I haven’t written a poem in almost a year (gasp). And we all know I haven’t been keeping up with this blog. And the 146 Poems of Love project is chugging along, but if truth be told, when I come home at night after a long day of work, it’s not usually the first thing I feel like delving into…
I’ve been in a real writing rut the last several months, and it’s depressed me a little, and it’s also scared me to death (Am I LOSING it?! If this is what I went to school for, what I decided almost fifteen years ago that I wanted to make my life out of, if this is my dream, the reason I moved to New York City and the thing I’ve told everyone, told myself, is my true love and passion, and now I’m not doing it, and honestly don’t even feel like doing it…then what the hell am I supposed to do now?!?).
I know deep down I’m still in love with writing. And I know it’s still what I want to do…what I’m still going to do (hopefully for a very long time).

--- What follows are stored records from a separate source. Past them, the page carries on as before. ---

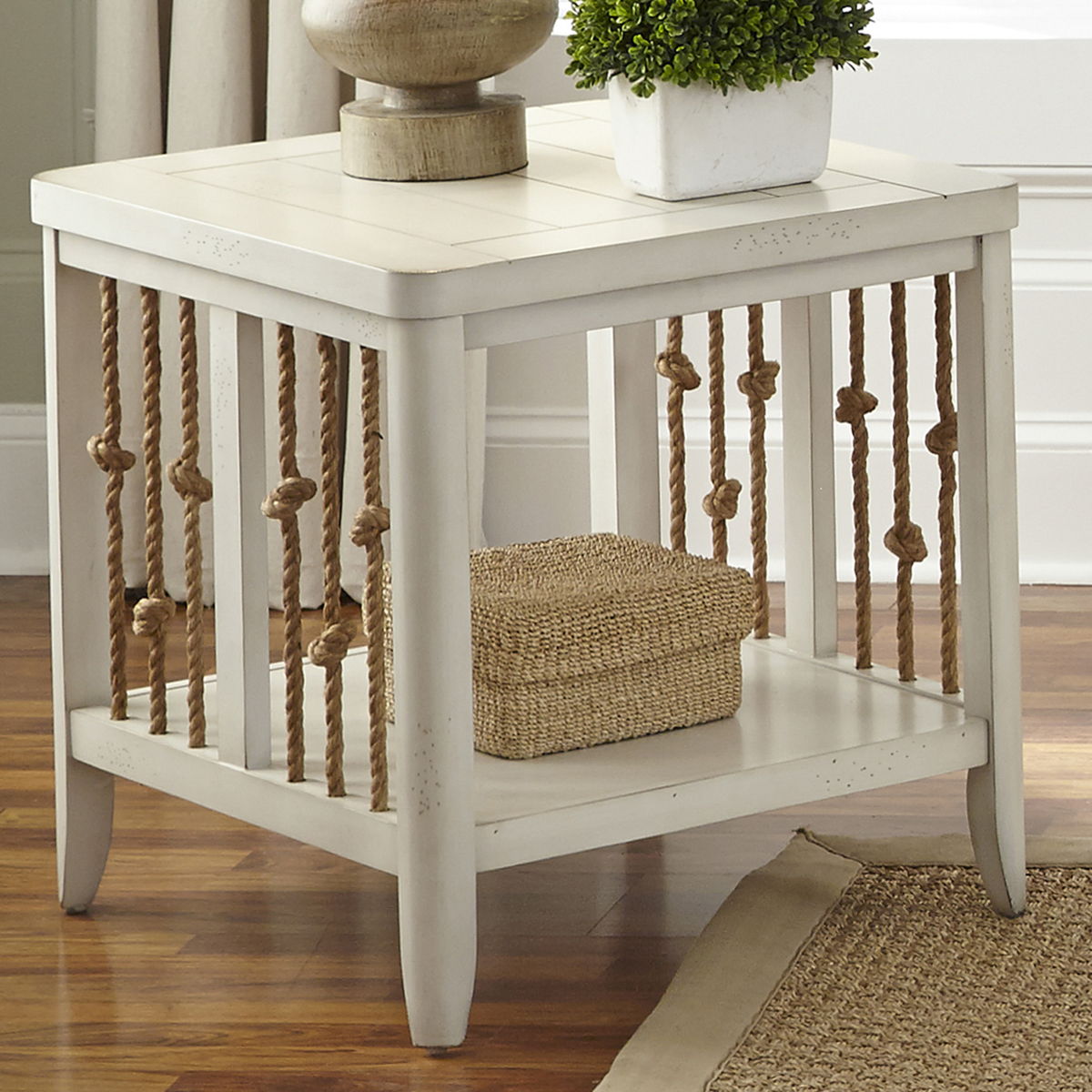 Dockside is a great eclectic look with coastal style. Knotted rope creates the end panels on the tables and planked tops add to the casual style. The rectangular cocktail features casters and the storage trunk has weaved rope pilasters with a cedar inside lining.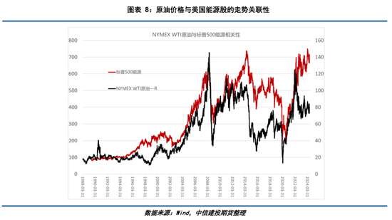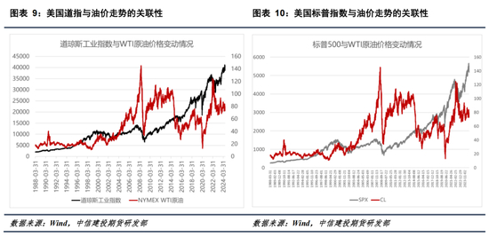 从整个美国股市的角度看,原油价格与其关联度较小。美国道琼斯指数和标普500指数过去30余年走出了长牛格局,这期间原油价格的波折则较大。原油仍是由自身供需来驱动。
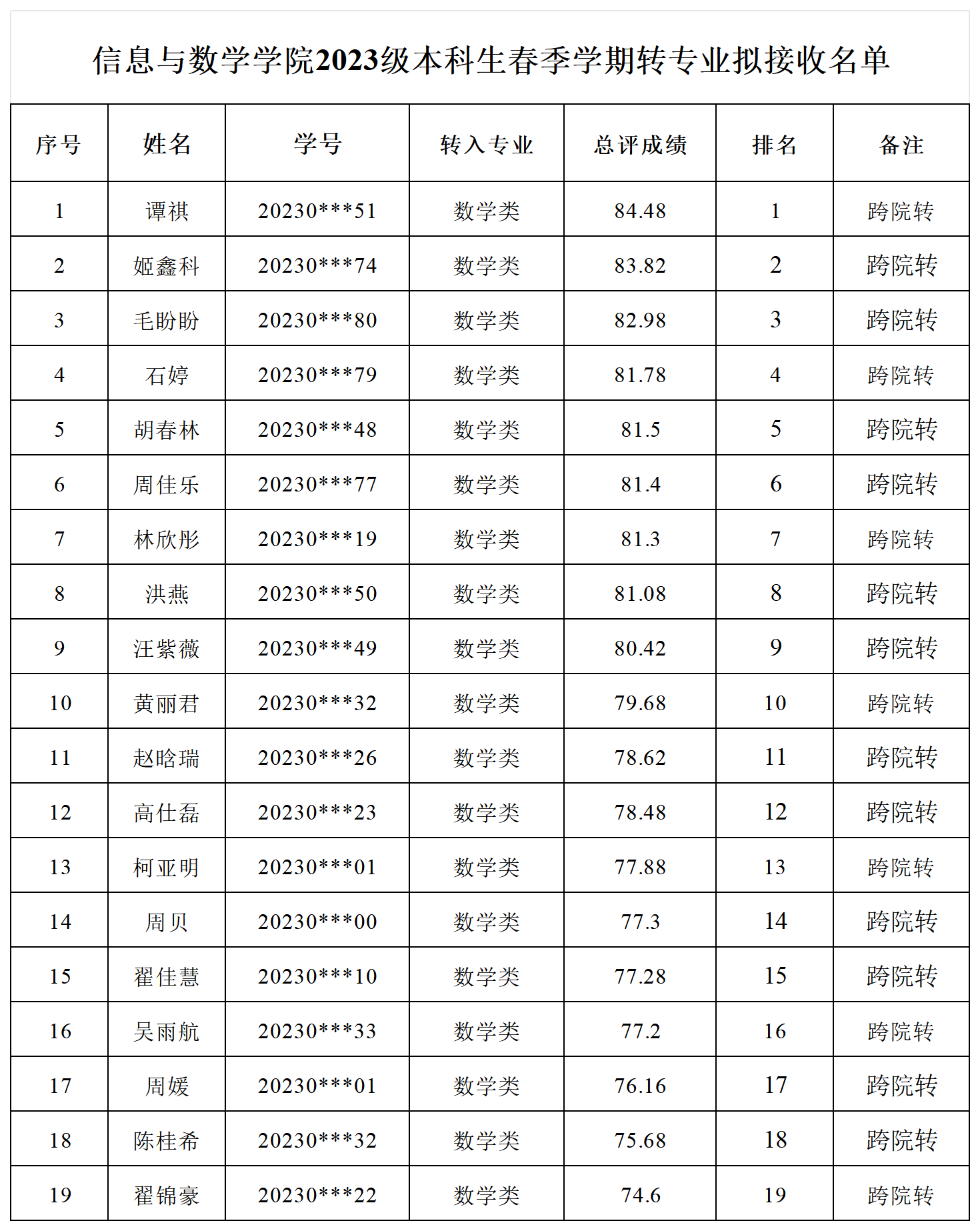 根据《beat365官方网站普通本科生专业分流与转专业管理办法(试行)》(长大校发〔2019〕260号)精神,按照《关于开展2023级普通本科生春季学期转专业工作的通知》和《beat365官方网站2023级普通本科生转专业考核工作方案》要求,经学生本人申请,学生所在学院和本科生院资格审核,beat365官网对拟转入学生进行了面试考核。现将beat365官方网站2023级本科生春季学期转专业拟接收名单予以公示。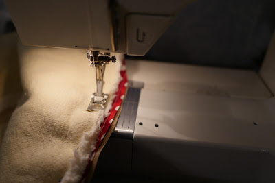 … einen warmen Stoff (Wollstoffe, Filz, Teddystoff oder ähnliches -richtig edel wird es natürlich mit echtem Fell…)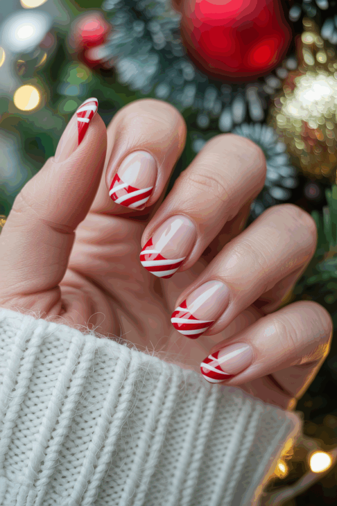 Candy cane stripe tips use red and white stripes for a classic holiday look. The design adds a festive touch without covering the whole nail.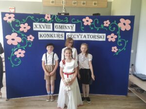XXVIII Gminny Konkurs Recytatorski klas I – IV Katarzyna Hawzner 30 maja 202330 maja 2023No Comment Weronika Jorgel – III miejsce w kategorii klas 1Oliver Wieszołek – dyplom za udział w kategorii klas 2Maja Santura – wyróżnienie w kategorii klas 3Anna Lippa – II miejsce w kategorii klas 4

It’s just hard. Hard to find the time. Hard to find the energy. Hard to make it a priority. Hard to want to do it when I am surrounded by hundreds of distractions in this city that never sleeps. Hard to believe I can do it when I am surrounded by hundreds of other writers who are really “going somewhere”(and seem to be going there much faster than me).

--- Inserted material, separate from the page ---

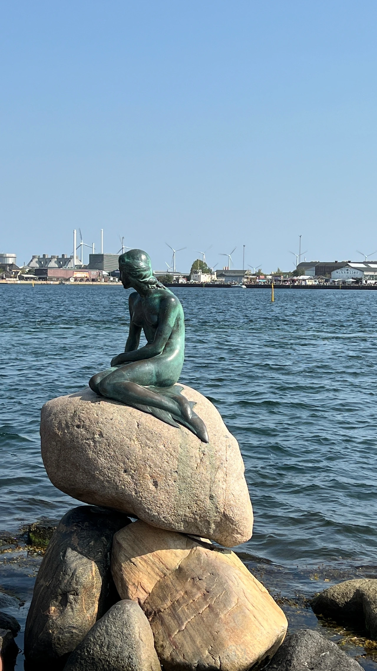 실제로 마주한 인어공주는 사람의 실물크기여서 아담했다. 흥미롭게도 이 조형물은 얼굴과 몸의 모델이 서로 다르다. 1900년대 초에 인어공주 발레공연이 아주 인기 있었는데 당시 주연 무용수를 모델로 작품을 만들고자 했으나 무용수가 누드작업을 거절했다고 한다. 그래서 결국 얼굴은 발레 무대 위의 인물이고, 몸은 조각가의 아내의 몸을 본뜬 동상이 되었다. 의도한 설정은 아니었겠지만, 무대 위의 배우와 현실 속의 아내 모습이 현실과 동화의 경계에 서 있는 인어공주 작품의 설정과 묘하게 겹쳐 보였다.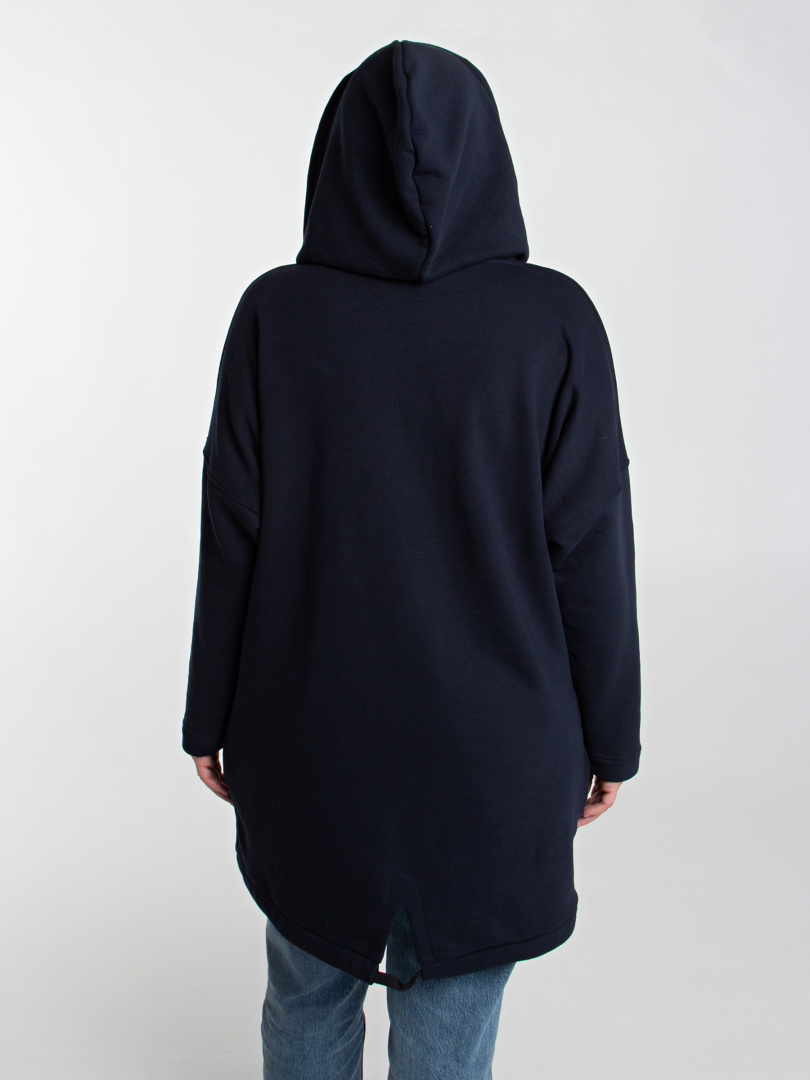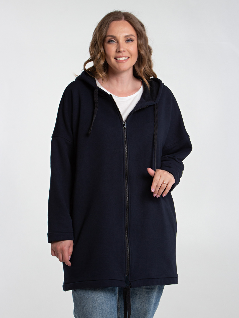 Удлинённый кардиган выполнен из плотного трикотажа. Модель имеет оригинальный свободный покрой со спущенным плечом и прямым рукавом.  В боковых швах – внутренние карманы. Застёжка – молния. По низу изделия – кулиска со шнуром и декоративный вырез по низу спинки.  Завершает образ модели – капюшон.

I’ve spent the last week reading through all my “writing how-to” and “writing inspiration” books, and searching through old notes from lectures I attended on writing...Every book, every lecture, every article of advice says the same thing: Just sit down at the damn desk, and write something. Anything.

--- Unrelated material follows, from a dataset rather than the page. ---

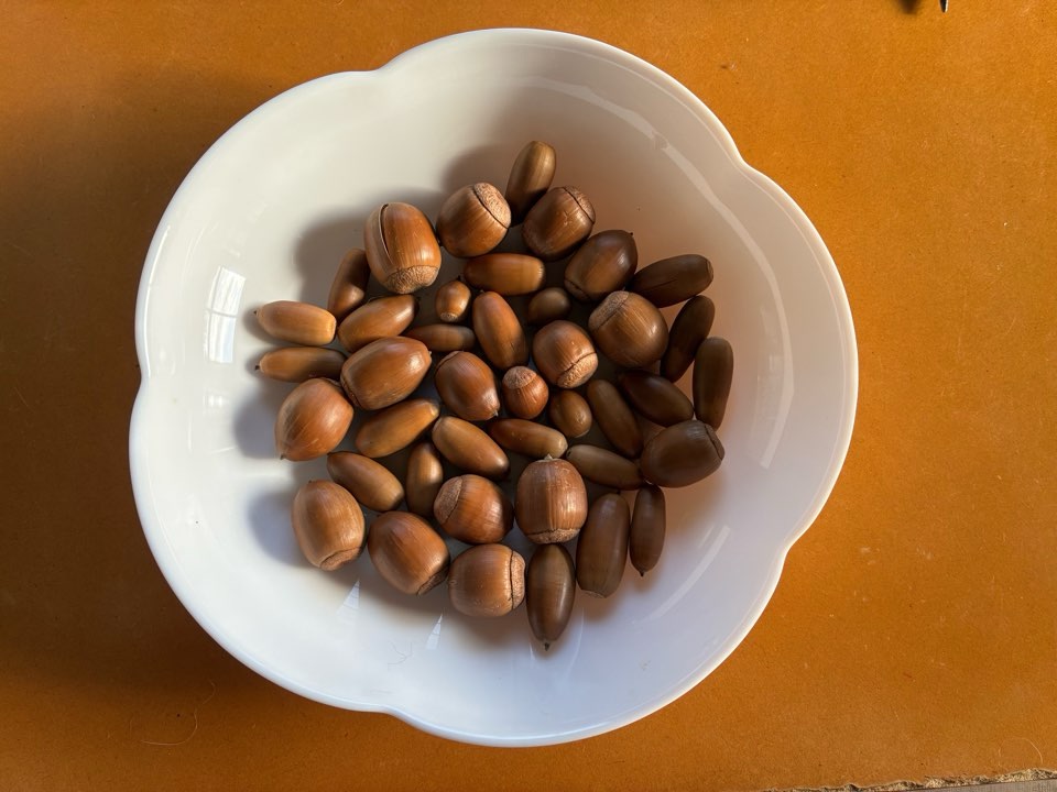 一番大きなドングリは特に喜ぶだろうと、たくさん拾いました。

I keep trying to find something else, maybe plan or outline a little more, find another way to make this happen, but there isn’t one, is there? I think I really began this whole “career” of writing based out of a feeling and I got caught up in the romance and adventure of it all. But what I’m learning is that writing isn’t about feeling at all. We can write from feeling, or about something we feel passionately about, but if the writing itself was about feeling, I don’t think it would ever happen in the first place. I can count on my fingers the number of times in the past five or six years I have felt like writing. However, the feeling that comes from actually doing it, and the feelings you find yourself expressing through it, and seeing how your writing makes others feel, is what makes it all worth it in the end.
It’s just awfully hard to remember that, when I’m sitting here on a beautiful winter-turned-spring day, with to-do lists a mile long, and dinner to be cooked, and errands to run, and a movie to be watched, and a billion more excuses racing through my head, and my quiet little notebook just sitting there in the corner, empty but calling my name…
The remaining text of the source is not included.